=== MATERIAL FOR THIS TASK ===
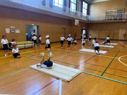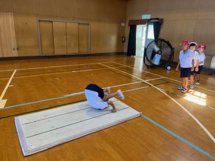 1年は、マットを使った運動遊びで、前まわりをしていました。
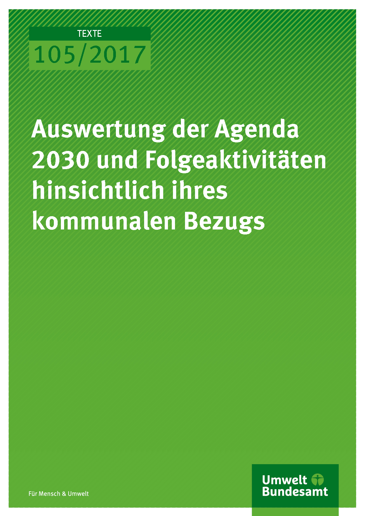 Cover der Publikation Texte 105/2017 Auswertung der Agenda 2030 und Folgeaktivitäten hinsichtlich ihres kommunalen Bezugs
===
=== MATERIAL FOR THIS TASK ===
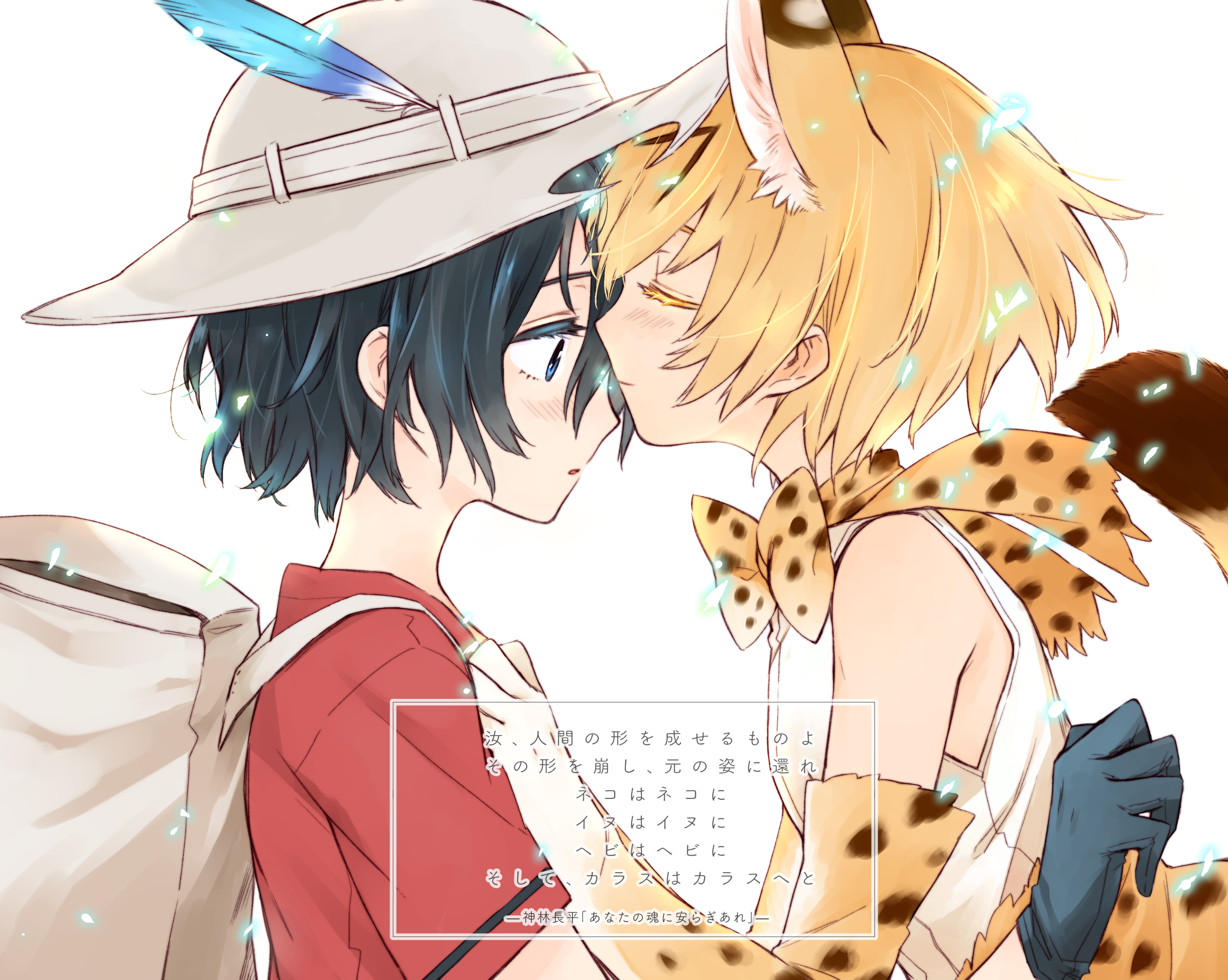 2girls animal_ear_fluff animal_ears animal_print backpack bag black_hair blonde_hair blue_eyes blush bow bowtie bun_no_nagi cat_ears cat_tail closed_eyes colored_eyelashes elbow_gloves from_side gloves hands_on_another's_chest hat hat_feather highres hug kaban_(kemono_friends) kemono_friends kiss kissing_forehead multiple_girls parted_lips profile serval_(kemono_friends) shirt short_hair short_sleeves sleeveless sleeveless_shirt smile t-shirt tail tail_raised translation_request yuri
===
> YOUR TASK:
From the material above, reproduce only what runs from the line holding "1年は、マットを使った運動遊びで、前まわりをしていました。" down to the line holding "Cover der Publikation", both included, pictures excluded.

> RESULT FOR THIS EXERCISE:
 1年は、マットを使った運動遊びで、前まわりをしていました。
 Cover der Publikation Texte 105/2017 Auswertung der Agenda 2030 und Folgeaktivitäten hinsichtlich ihres kommunalen Bezugs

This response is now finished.